Segment Start: Data records

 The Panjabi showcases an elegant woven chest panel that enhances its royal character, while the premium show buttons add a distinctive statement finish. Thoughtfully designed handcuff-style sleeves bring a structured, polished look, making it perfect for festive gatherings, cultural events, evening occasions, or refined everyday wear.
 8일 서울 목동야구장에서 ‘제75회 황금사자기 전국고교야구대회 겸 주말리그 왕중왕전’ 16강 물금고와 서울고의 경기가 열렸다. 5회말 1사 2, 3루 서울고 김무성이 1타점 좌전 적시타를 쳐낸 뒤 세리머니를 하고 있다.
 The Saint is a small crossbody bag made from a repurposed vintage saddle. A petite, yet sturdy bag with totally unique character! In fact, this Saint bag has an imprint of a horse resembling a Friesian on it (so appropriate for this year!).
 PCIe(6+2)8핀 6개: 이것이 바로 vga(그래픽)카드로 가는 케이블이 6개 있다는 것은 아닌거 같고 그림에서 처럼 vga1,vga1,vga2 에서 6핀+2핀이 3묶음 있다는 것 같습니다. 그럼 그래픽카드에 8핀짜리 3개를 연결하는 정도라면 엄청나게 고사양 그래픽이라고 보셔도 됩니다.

Segment End: Data records
Segment Start: Data records

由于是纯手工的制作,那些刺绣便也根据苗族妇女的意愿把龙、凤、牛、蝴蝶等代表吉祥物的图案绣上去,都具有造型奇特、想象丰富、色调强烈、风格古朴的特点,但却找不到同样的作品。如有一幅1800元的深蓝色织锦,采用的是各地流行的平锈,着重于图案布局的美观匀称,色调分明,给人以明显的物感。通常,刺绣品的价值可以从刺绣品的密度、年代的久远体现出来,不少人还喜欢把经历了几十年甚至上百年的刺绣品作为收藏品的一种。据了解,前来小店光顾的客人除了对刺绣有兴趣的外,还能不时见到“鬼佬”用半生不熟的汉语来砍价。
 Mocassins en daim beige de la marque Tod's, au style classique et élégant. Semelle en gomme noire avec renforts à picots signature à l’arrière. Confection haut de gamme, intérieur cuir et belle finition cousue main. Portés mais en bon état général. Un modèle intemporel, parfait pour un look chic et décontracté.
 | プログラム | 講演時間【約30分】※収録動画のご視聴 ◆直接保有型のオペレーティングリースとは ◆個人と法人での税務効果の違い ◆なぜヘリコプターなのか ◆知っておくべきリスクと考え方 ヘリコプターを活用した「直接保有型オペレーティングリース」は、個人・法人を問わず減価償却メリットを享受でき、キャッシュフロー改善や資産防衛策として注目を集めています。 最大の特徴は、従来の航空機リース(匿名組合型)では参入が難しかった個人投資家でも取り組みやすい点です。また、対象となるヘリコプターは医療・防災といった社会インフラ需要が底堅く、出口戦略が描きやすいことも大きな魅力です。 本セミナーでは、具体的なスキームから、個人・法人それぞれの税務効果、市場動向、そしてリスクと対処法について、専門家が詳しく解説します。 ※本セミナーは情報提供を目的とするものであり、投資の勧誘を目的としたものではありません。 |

Segment End: Data records

** Description of the task **
Give the number of lines in the records above that contain the word "style", and nothing more.

** Your solution **
2